Description of the task: A stretch of the entries below is to be set down exactly, running from the line with "Полный комплект из" through the line with "The main level", both included, and no other line.

The input:
────────

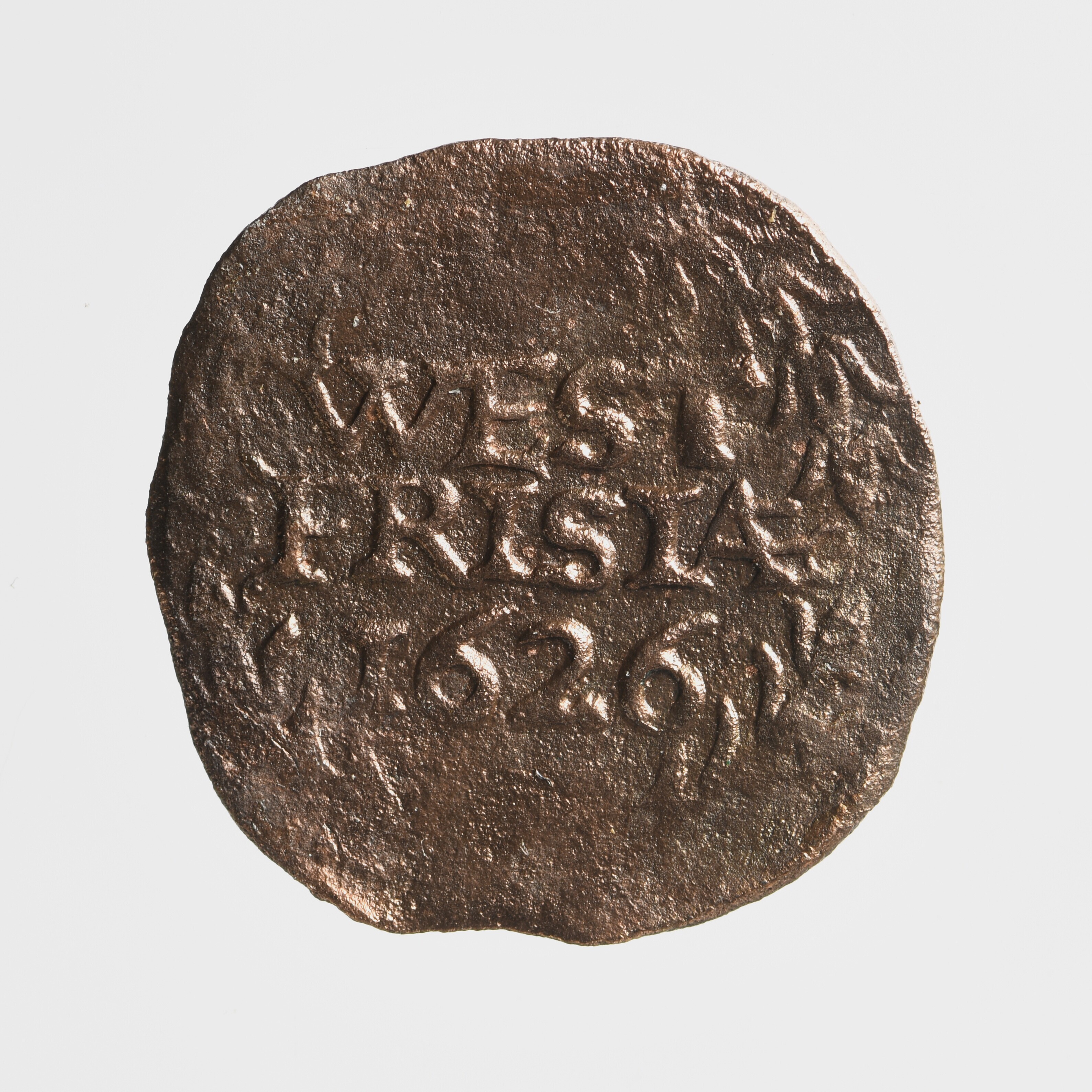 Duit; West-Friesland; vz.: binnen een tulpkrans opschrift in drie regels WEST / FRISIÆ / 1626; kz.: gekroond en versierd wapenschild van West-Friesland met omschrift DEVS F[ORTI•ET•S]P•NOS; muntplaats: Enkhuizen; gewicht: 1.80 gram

────────

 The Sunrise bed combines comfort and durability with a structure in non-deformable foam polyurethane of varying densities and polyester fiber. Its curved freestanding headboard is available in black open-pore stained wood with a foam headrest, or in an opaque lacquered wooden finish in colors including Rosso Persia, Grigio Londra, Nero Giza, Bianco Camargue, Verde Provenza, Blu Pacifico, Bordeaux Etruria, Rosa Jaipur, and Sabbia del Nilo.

────────

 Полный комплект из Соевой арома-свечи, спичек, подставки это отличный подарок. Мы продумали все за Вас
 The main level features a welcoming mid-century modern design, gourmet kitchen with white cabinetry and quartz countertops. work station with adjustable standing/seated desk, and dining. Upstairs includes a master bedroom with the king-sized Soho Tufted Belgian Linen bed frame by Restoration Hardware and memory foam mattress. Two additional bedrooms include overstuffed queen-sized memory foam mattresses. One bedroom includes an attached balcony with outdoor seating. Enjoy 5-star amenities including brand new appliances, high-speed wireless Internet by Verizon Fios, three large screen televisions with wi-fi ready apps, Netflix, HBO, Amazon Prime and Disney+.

────────

Completed exercise:
 Полный комплект из Соевой арома-свечи, спичек, подставки это отличный подарок. Мы продумали все за Вас
 The main level features a welcoming mid-century modern design, gourmet kitchen with white cabinetry and quartz countertops. work station with adjustable standing/seated desk, and dining. Upstairs includes a master bedroom with the king-sized Soho Tufted Belgian Linen bed frame by Restoration Hardware and memory foam mattress. Two additional bedrooms include overstuffed queen-sized memory foam mattresses. One bedroom includes an attached balcony with outdoor seating. Enjoy 5-star amenities including brand new appliances, high-speed wireless Internet by Verizon Fios, three large screen televisions with wi-fi ready apps, Netflix, HBO, Amazon Prime and Disney+.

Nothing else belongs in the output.